## Your assignment
Any pictures in the records below must be left out when you repeat the lines from the line containing "4、對象:點擊云線命令后,輸" through the line containing "të tjera Nura." exactly.

## Information supplied
= Beginning of Section =
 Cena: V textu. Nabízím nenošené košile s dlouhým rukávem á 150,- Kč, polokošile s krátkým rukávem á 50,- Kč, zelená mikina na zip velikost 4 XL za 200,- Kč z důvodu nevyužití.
= End of Section =
= Beginning of Section =
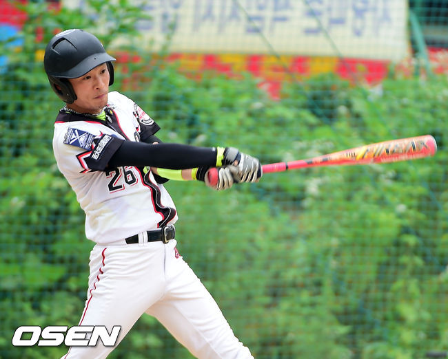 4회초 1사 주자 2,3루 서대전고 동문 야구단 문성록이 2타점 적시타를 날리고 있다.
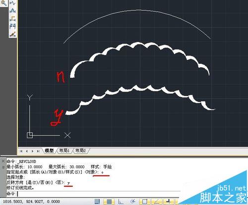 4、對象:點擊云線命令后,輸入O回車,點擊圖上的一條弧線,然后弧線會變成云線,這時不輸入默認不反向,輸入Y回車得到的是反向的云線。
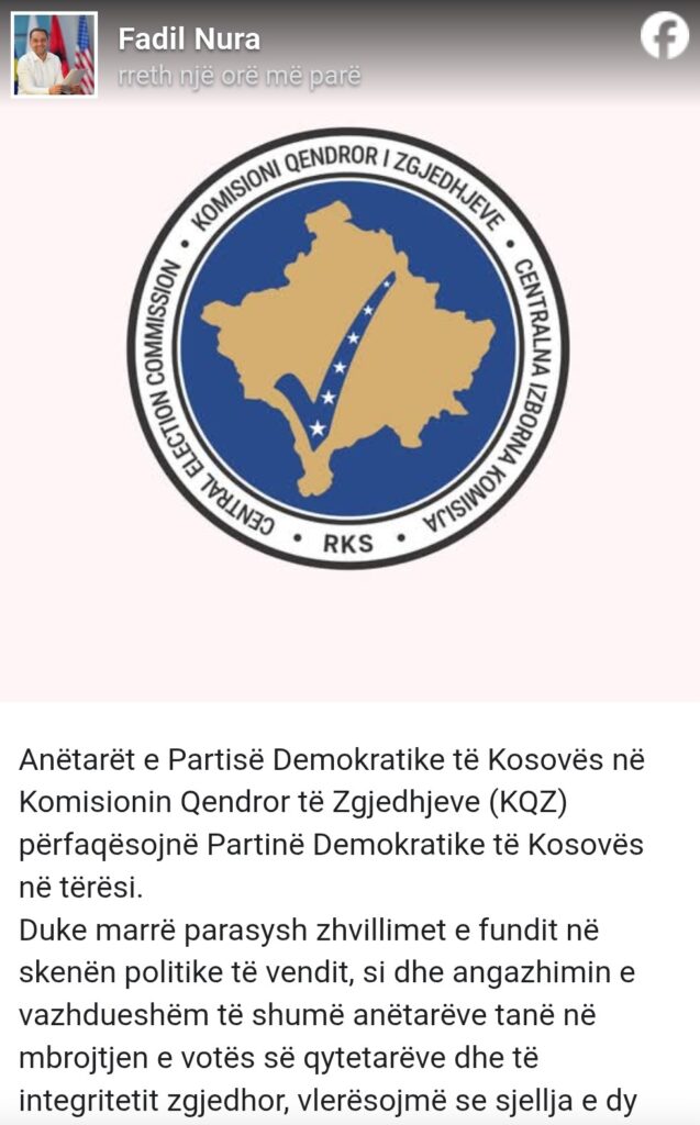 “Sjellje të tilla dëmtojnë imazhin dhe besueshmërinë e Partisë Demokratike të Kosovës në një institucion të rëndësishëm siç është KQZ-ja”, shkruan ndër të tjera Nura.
= End of Section =
## Solved problem
 4、對象:點擊云線命令后,輸入O回車,點擊圖上的一條弧線,然后弧線會變成云線,這時不輸入默認不反向,輸入Y回車得到的是反向的云線。
 “Sjellje të tilla dëmtojnë imazhin dhe besueshmërinë e Partisë Demokratike të Kosovës në një institucion të rëndësishëm siç është KQZ-ja”, shkruan ndër të tjera Nura.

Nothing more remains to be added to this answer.